The average procedural time spent manoeuvring and injecting each oocyte was reduced for microICSI compared to C-ICSI (Fig. 3a). For the injection process, the time was more than halved for each oocyte (Fig. 3b), and a reduction of time was still evident for microICSI even when average polar body orientation time per oocyte was considered (Fig. 3 c and d). Polar body orientation time was equivalent between C-ICSI and microICSI (Online Resource 5). Because the holding pipette was removed with microICSI, the hand adjustments required to perform ICSI were reduced by two thirds, as tracked by the number of hand adjustments between different controllers (Online Resource 2 and 3; Fig. 4). The difference in injection time and hand adjustments between operator and rig was less than 2 s and a single left-hand adjustment respectively (Online Resource 6). The level of invagination was equivalent between C-ICSI and microICSI (Fig. 5). Mean injection failure rate was also equivalent at 2.5% for C-ICSI and 2.7% for microICSI.

Fig. 3
figure 3

Procedural efficiency compared between C-ICSI and microICSI (mean ± SEM); a mean procedure time per oocyte (20 replicates, n = 10-20 oocytes, paired t test, P < 0.0001); b mean injection time per oocyte (20 replicates, n = 10–20 oocytes, paired t test, P < 0.0001); c mean procedure time per oocyte including microICSI polar body orientation time (20 replicates, n = 10–20 oocytes, Wilcoxon test, P < 0.05); d mean injection time per oocyte including microICSI polar body orientation time (20 replicates, n = 10–20 oocytes, paired t test, P < 0.0001)

Fig. 4
figure 4

Number of hand adjustments required to perform C-ICSI compared to microICSI (mean ± SEM); a mean number of hand adjustments required to conduct ICSI for a single oocyte (20 replicates, n = 10–20 oocytes, Mann-Whitney test, P < 0.0001); b screenshot of Online Resource 2, indicating how hand adjustments were tracked by camera during ICSI

Fig. 5
figure 5

Invagination of the oolemma (mean ± SEM, scale bars = 100 μm); a example of a level 1 oolemma invagination; b example of a level 2 oolemma invagination; c example of a level 3 oolemma invagination; d mean invagination of the oolemma (20 replicates, n = 10–20 oocytes, paired t test, P > 0.05)

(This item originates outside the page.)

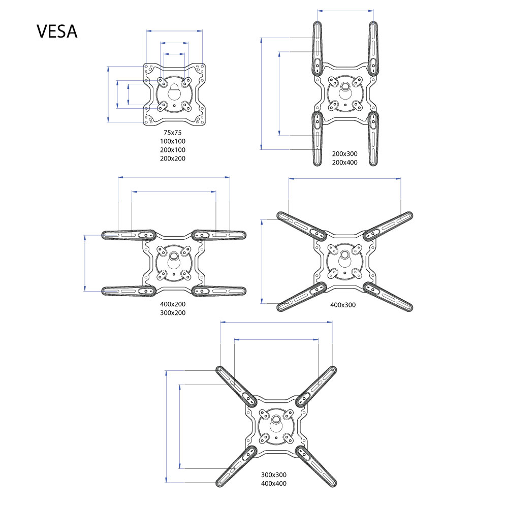 Поддержка крепления VESA 75×75, 100×100, 200×100, 200×200, 200×300, 300×200, 400×200, 300×300, 400×300, 400×400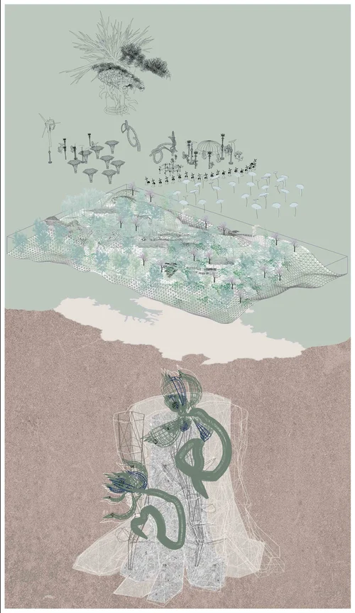 In this project, I will adopt various roles of the zoologist, archaeologist, historian, botanist to examine an ever-shifting landscape of cross-pollination, animal species and rock formation. Through understanding existing landscape mechanisms which influence memory and migration, a new port of hybridisation will make concise changes to the landscape experience. This port and its alteration to the landscape will serve the purpose for allowing the crossing of species to become hybrid and to be given altered memory for this landscape, creating new ways for these species to exist and migrate.

Effect on developmental rate

Rates of embryo development remained consistent between treatments, with fragmentation rate, survival rate, and cleavage rates being equivalent across both ICSI techniques (Fig. 6a–c). However, there was a significant increase in blastocyst rate for the microICSI group compared to C-ICSI (Fig. 6d). Cell numbers of ICM and TD were equivalent between the blastocysts produced by C-ICSI and microICSI (Table 1).

Fig. 6
figure 6

Embryo developmental rates compared between C-ICSI and microICSI (mean ± SEM. Different superscripts indicate significant differences, scale bars = 100 μm); a fragmentation rate on day 4 (nine replicates, n = 10–20 oocytes, RM one-way ANOVA with Geisser-Greenhouse correction and Tukey’s multiple comparisons test on arcsin, P < 0.0001); b survival rate at day 4 (nine replicates, n = 10–20 oocytes, Friedman test and Dunn’s multiple comparisons test on arcsin, P > 0.05); c cleavage rate at day 4 (nine replicates, n = 10–20 oocytes, Friedman test and Dunn’s multiple comparisons test on arcsin, P > 0.05); d blastocyst rate at day 6 (nine replicates, n = 10-20 oocytes, paired t test on arcsin comparing C-ICSI to microICSI, P < 0.05); e a representative image of C-ICSI porcine blastocysts from a single run; f a representative image of microICSI porcine blastocysts from a single run; g a representative image of a differentially stained porcine blastocyst

Table 1 Blastocyst cell numbers compared between C-ICSI and microICSI (four reps, mean ± SEM; matching superscripts indicate P > 0.05); sample size (n) was higher in microICSI due to the higher blastocyst rate, trophectoderm (TE) cell numbers (Welch’s t test, P > 0.05), inner cell mass (ICM) cell numbers (Mann-Whitney test, P > 0.05), total cell number (TCN; Welch’s t test, P > 0.05), and percentage of ICM/TCN (Mann-Whitney test, P > 0.05)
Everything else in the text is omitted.